(RECORDS FOR THIS TASK begins)

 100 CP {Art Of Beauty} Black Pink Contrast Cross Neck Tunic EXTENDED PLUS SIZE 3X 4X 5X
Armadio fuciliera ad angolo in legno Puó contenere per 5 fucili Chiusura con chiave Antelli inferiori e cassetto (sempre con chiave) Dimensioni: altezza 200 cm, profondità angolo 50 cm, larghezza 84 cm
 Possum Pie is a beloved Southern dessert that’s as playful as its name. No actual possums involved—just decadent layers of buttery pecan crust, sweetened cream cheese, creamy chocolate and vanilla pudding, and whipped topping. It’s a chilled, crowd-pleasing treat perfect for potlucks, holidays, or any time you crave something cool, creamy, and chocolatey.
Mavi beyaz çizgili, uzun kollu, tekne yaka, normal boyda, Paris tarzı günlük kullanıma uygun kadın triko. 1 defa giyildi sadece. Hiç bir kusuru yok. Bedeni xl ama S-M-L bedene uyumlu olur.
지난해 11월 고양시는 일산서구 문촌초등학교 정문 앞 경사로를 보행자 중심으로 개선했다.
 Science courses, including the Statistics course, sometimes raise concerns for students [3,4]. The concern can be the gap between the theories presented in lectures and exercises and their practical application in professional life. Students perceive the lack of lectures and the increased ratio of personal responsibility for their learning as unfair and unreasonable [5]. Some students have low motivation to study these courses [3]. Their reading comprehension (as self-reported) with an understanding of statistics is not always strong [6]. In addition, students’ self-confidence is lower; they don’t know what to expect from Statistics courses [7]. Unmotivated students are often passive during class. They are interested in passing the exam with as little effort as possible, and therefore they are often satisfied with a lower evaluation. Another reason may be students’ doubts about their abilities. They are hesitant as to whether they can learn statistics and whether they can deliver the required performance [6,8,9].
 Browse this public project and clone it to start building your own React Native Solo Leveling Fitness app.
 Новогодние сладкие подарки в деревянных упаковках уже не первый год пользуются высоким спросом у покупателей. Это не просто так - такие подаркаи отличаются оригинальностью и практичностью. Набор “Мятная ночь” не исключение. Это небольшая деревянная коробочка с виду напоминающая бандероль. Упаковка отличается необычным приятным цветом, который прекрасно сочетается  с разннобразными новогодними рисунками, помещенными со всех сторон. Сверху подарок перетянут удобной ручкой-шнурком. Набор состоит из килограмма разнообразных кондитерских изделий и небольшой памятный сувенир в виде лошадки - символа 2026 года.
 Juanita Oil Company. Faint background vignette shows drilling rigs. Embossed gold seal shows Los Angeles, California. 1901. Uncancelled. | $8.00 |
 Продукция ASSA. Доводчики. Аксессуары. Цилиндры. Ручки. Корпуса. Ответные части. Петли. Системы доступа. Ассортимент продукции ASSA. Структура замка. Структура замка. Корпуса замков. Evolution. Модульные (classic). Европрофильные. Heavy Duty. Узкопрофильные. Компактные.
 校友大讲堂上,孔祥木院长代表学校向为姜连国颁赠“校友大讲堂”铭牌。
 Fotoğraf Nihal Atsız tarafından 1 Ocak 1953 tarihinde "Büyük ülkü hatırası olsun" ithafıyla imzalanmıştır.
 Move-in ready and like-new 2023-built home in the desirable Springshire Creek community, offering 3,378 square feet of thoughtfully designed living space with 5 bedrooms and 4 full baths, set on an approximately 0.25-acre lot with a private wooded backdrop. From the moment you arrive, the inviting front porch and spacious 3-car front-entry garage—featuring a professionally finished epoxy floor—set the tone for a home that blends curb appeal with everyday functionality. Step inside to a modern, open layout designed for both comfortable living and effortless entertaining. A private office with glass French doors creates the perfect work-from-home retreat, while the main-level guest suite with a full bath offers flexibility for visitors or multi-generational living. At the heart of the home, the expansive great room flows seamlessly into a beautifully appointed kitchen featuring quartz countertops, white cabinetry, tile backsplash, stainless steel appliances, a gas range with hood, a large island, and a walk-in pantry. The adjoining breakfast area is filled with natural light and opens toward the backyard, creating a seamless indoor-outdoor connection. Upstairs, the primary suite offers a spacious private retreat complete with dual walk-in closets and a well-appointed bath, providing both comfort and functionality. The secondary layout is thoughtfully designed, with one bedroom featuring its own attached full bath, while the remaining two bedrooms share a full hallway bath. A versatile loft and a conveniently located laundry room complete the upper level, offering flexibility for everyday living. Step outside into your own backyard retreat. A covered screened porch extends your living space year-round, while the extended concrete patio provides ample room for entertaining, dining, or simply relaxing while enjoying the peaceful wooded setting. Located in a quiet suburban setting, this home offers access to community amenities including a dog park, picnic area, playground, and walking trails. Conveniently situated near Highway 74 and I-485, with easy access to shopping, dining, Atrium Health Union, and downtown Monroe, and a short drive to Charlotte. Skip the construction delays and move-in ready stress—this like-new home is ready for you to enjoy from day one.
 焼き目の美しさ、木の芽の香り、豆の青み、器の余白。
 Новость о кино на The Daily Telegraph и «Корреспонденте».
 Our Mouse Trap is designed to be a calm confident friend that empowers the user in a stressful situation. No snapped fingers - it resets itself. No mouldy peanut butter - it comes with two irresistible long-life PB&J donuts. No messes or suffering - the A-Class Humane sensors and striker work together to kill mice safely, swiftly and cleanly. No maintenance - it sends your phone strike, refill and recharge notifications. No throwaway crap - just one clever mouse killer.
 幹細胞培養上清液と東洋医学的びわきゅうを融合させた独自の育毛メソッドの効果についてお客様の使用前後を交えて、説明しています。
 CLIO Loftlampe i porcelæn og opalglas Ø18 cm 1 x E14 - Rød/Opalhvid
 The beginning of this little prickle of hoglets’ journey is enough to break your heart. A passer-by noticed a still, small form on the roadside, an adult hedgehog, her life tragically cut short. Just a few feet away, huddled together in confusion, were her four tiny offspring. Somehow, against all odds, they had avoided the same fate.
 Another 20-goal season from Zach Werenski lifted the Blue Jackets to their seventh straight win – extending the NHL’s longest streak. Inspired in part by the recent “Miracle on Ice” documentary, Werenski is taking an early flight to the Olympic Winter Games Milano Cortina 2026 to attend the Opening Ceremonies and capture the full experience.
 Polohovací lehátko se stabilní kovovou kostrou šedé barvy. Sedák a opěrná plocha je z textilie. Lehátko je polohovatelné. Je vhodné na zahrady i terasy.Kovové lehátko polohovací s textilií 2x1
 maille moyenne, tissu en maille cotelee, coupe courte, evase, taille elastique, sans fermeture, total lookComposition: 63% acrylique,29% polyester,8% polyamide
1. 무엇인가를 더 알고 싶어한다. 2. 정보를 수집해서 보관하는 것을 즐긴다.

(RECORDS FOR THIS TASK ends)

** WHAT THE TASK REQUIRES **
Print exactly, and only, the lines from the line containing "Polohovací lehátko se" through the final line of the records, both included.

** REPLY TO THE TASK **
 Polohovací lehátko se stabilní kovovou kostrou šedé barvy. Sedák a opěrná plocha je z textilie. Lehátko je polohovatelné. Je vhodné na zahrady i terasy.Kovové lehátko polohovací s textilií 2x1
 maille moyenne, tissu en maille cotelee, coupe courte, evase, taille elastique, sans fermeture, total lookComposition: 63% acrylique,29% polyester,8% polyamide
1. 무엇인가를 더 알고 싶어한다. 2. 정보를 수집해서 보관하는 것을 즐긴다.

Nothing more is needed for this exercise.